#!/usr/bin/env python3
# Copyright 2026 Google LLC
#
# Licensed under the Apache License, Version 2.0 (the "License");
# you may not use this file except in compliance with the License.
# You may obtain a copy of the License at
#
# http://www.apache.org/licenses/LICENSE-2.0
#
# Unless required by applicable law or agreed to in writing, software
# distributed under the License is distributed on an "AS IS" BASIS,
# WITHOUT WARRANTIES OR CONDITIONS OF ANY KIND, either express or implied.
# See the License for the specific language governing permissions and
# limitations under the License.
#
# SPDX-License-Identifier: Apache-2.0
# pyrefly: ignore-file
"""Helper script to run a single Genkit flow in isolation.
This script is called by review_sample_flows.py to execute each flow in a
separate subprocess, avoiding event loop conflicts and enabling proper
async execution.
Usage:
python run_single_flow.py <sample_dir> <flow_name> [--input <json_string>]
Output:
JSON object with 'success', 'result', and 'error' fields
"""
import argparse
import json
import sys
from pathlib import Path
from typing import Any
def format_output(output: Any) -> Any: # noqa: ANN401 - intentional use of Any for arbitrary flow outputs
"""Format flow output for serialization.
Args:
output: The flow output to format
Returns:
Serializable representation
"""
from genkit.types import Media
# Handle None
if output is None:
return None
# Handle Media objects
if isinstance(output, Media):
url = output.url or ''
if len(url) > 500:
url = f'{url[:100]}...{url[-50:]}'
return {
'type': 'Media',
'url': url,
'url_length': len(output.url or ''),
'content_type': output.content_type,
}
# Handle Pydantic models
if hasattr(output, 'model_dump'):
try:
return output.model_dump()
except Exception: # noqa: S110 - intentional fallback if model_dump fails
pass
# Handle dicts/lists
if isinstance(output, (dict, list)):
return output
# Default: convert to string
return str(output)
async def run_flow(sample_dir: str, flow_name: str, input_data: Any) -> dict[str, Any]: # noqa: ANN401 - intentional use of Any for arbitrary flow outputs
"""Run a single flow and return result.
Args:
sample_dir: Path to sample directory
flow_name: Name of flow to run
input_data: Input data for the flow
Returns:
Dict with 'success', 'result', 'error' fields
"""
result: dict[str, Any] = {
'success': False,
'result': None,
'error': None,
}
try:
# Import the sample module
sample_path = Path(sample_dir).resolve()
main_py = sample_path / 'src' / 'main.py'
if not main_py.exists():
main_py = sample_path / 'main.py'
if not main_py.exists():
result['error'] = f'No main.py found in {sample_path}'
return result
# Load the module
import importlib.util
spec = importlib.util.spec_from_file_location('sample_main', main_py)

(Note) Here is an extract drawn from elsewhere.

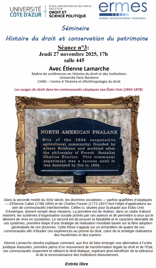 Dans la seconde moitié du XIXe siècle, les doctrines socialistes — parfois qualifiées d’utopiques — d’Étienne Cabet (1788-1856) et de Charles Fourier (1772-1837) font l’objet d’applications au sein de communautés intentionnelles. Celles-ci, situées pour la plupart aux États-Unis d’Amérique, doivent remplir deux missions. La première est de réaliser, dans un cadre d’abord restreint, les systèmes d’organisation sociale prônés par ces auteurs et de permettre à ceux le désirant de vivre en socialistes. Le second est de prouver aux yeux de tous la faisabilité et le caractère désirable de ces systèmes, première étape d’une stratégie de réalisation mondiale basée sur la libre adoption généralisée de ces doctrines. Cette thèse s’appuie sur un échantillon de quatre de ces communautés afin d’étudier ces expériences au prisme du droit, cœur de la stratégie réalisatrice des fouriéristes et des icariens. Ces derniers fondent en effet le caractère socialiste de leurs communautés par d’importantes législations internes, développant autant d’ordres juridiques alternatifs à celui de l’État. Mais pour cela, et afin de bénéficier de la tolérance et de la reconnaissance des institutions étasuniennes, ils respectent et utilisent le droit étatique. Ils espèrent ainsi faire émerger une alternative à l’ordre juridique étasunien, première pierre d’un mouvement de transformation du droit et de l’État, de manière légale.

if not spec or not spec.loader:
result['error'] = 'Failed to load sample module'
return result
module = importlib.util.module_from_spec(spec)
sys.modules['sample_main'] = module
try:
spec.loader.exec_module(module)
except Exception as e:
result['error'] = f'Failed to import sample: {e}'
return result
# Find the Genkit instance
ai_instance = None
for attr_name in dir(module):
attr = getattr(module, attr_name)
if hasattr(attr, '__class__') and attr.__class__.__name__ == 'Genkit':
ai_instance = attr
break
if not ai_instance:
result['error'] = 'No Genkit instance found in sample'
return result
# Get the flow action from registry
try:
from genkit.core.action import ActionKind
registry = ai_instance.registry
actions_map = await registry.resolve_actions_by_kind(ActionKind.FLOW)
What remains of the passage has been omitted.